— Study material —
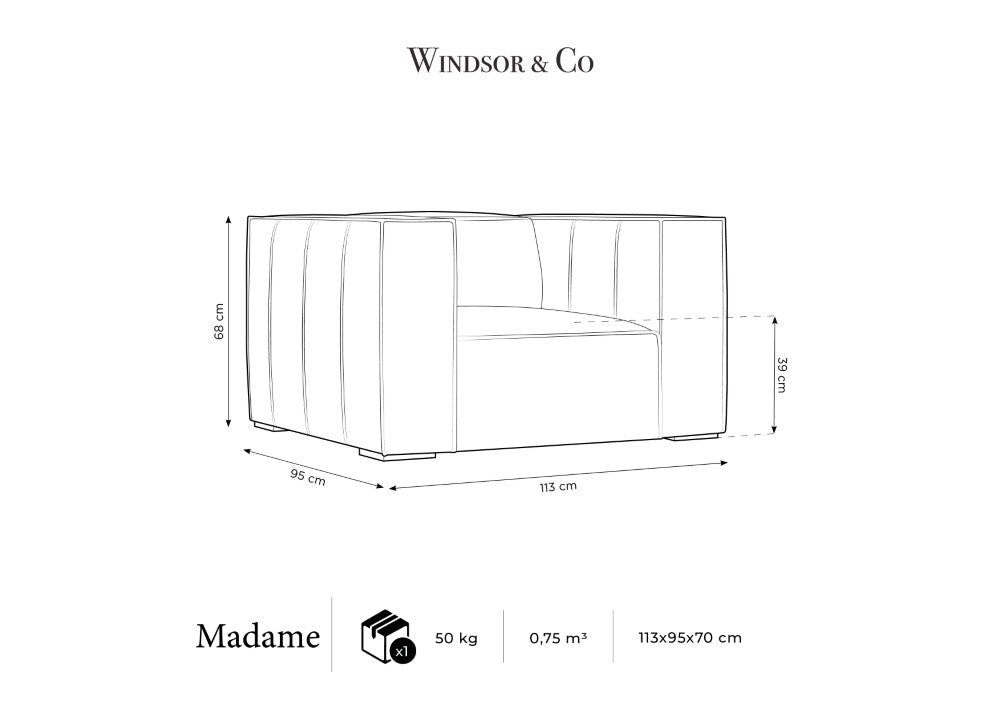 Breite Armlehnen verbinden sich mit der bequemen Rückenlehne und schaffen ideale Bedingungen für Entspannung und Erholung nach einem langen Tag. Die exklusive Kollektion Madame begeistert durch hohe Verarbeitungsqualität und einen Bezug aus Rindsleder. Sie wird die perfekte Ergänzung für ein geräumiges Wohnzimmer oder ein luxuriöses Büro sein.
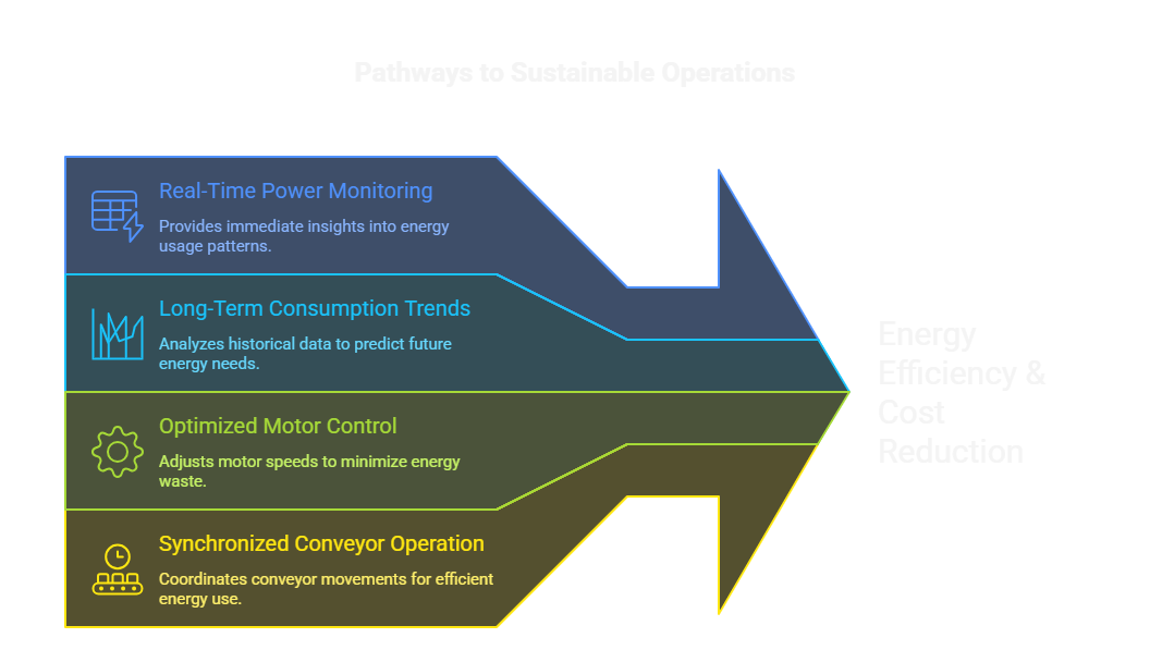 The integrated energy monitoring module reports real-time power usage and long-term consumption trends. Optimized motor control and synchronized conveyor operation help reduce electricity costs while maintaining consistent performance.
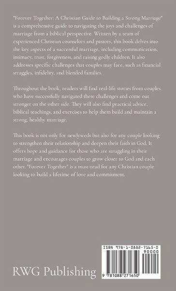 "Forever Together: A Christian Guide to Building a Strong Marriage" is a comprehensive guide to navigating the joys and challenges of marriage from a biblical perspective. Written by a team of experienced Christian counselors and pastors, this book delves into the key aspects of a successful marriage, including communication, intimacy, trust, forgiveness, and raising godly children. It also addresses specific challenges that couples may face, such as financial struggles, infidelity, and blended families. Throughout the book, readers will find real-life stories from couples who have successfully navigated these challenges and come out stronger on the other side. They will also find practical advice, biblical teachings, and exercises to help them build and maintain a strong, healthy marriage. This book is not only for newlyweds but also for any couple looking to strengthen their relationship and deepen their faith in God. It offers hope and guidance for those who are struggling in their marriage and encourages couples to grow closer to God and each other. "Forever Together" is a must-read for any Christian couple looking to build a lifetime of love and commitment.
* * *
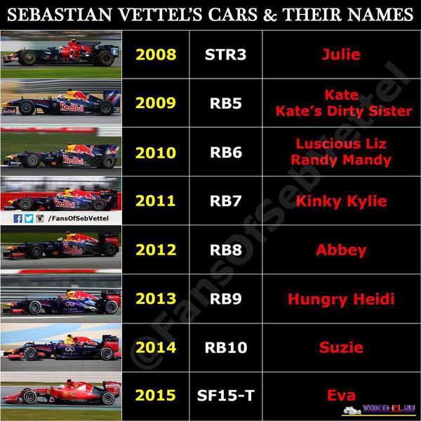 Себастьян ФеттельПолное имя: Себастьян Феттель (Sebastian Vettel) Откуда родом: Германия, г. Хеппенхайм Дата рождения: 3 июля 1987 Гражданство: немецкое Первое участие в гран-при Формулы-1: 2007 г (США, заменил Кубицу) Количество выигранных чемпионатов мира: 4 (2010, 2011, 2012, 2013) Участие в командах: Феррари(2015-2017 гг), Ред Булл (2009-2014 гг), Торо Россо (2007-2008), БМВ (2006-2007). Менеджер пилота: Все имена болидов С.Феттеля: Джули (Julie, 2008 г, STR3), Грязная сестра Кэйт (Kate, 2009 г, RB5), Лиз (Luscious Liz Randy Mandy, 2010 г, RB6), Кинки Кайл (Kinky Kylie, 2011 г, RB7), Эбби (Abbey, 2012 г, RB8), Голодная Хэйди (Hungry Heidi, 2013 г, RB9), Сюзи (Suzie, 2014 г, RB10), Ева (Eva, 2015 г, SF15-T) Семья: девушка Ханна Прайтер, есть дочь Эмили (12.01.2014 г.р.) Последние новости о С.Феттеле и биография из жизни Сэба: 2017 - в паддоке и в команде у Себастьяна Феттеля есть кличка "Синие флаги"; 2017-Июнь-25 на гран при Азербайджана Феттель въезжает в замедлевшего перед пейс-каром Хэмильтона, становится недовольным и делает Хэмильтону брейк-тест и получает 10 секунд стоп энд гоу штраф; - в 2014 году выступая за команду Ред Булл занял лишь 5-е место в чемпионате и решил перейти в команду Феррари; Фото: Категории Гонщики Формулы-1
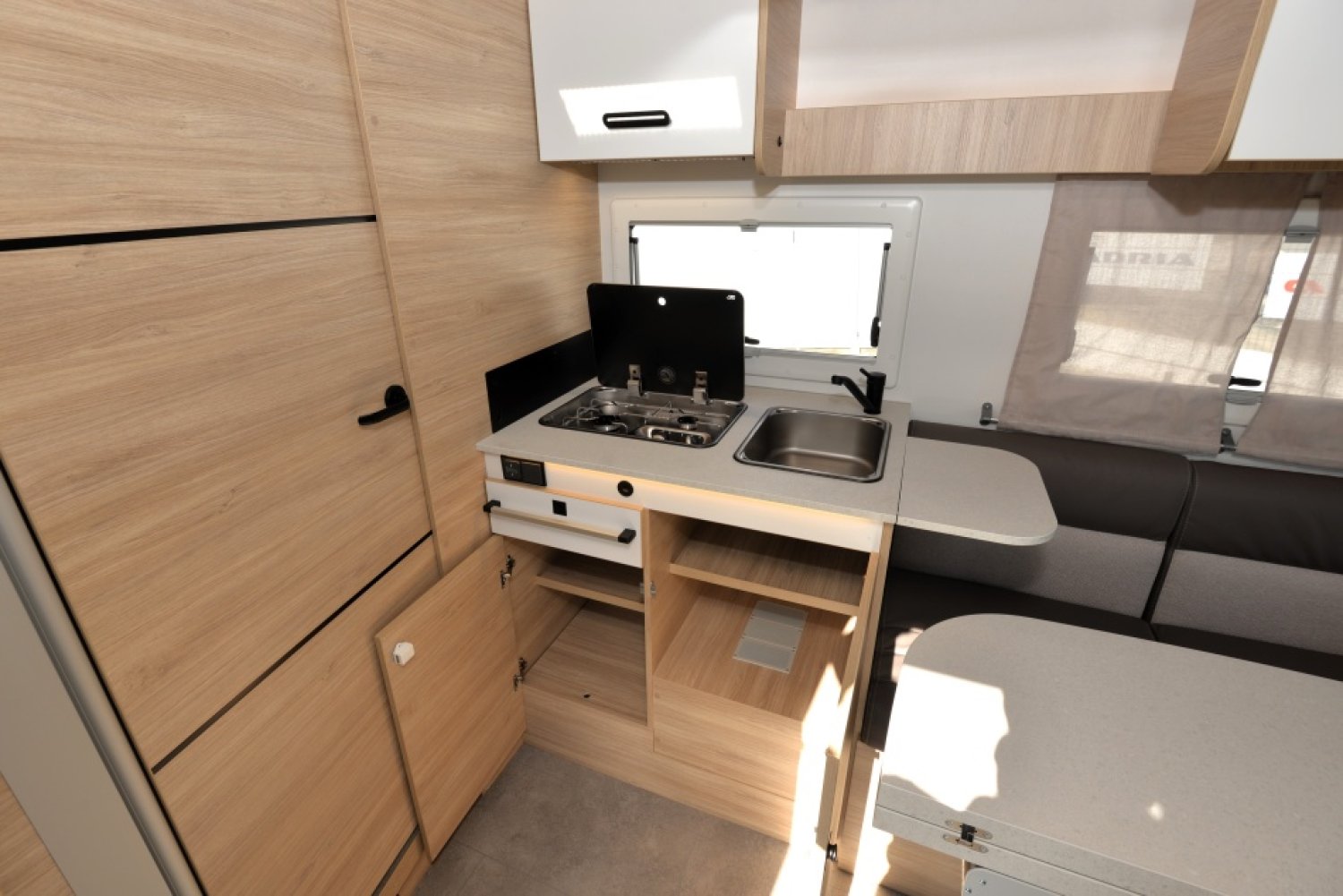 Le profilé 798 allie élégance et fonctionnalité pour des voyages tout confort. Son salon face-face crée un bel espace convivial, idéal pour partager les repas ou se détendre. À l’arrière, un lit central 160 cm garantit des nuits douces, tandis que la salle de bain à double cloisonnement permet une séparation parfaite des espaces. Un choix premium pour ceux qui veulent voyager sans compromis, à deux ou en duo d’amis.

— Your goal —
Write out exactly the run of lines above that starts at the line containing "Breite Armlehnen verbinden" and ends at the line containing "The integrated energy". Include both, and leave the pictures out.

— Solution —
 Breite Armlehnen verbinden sich mit der bequemen Rückenlehne und schaffen ideale Bedingungen für Entspannung und Erholung nach einem langen Tag. Die exklusive Kollektion Madame begeistert durch hohe Verarbeitungsqualität und einen Bezug aus Rindsleder. Sie wird die perfekte Ergänzung für ein geräumiges Wohnzimmer oder ein luxuriöses Büro sein.
 The integrated energy monitoring module reports real-time power usage and long-term consumption trends. Optimized motor control and synchronized conveyor operation help reduce electricity costs while maintaining consistent performance.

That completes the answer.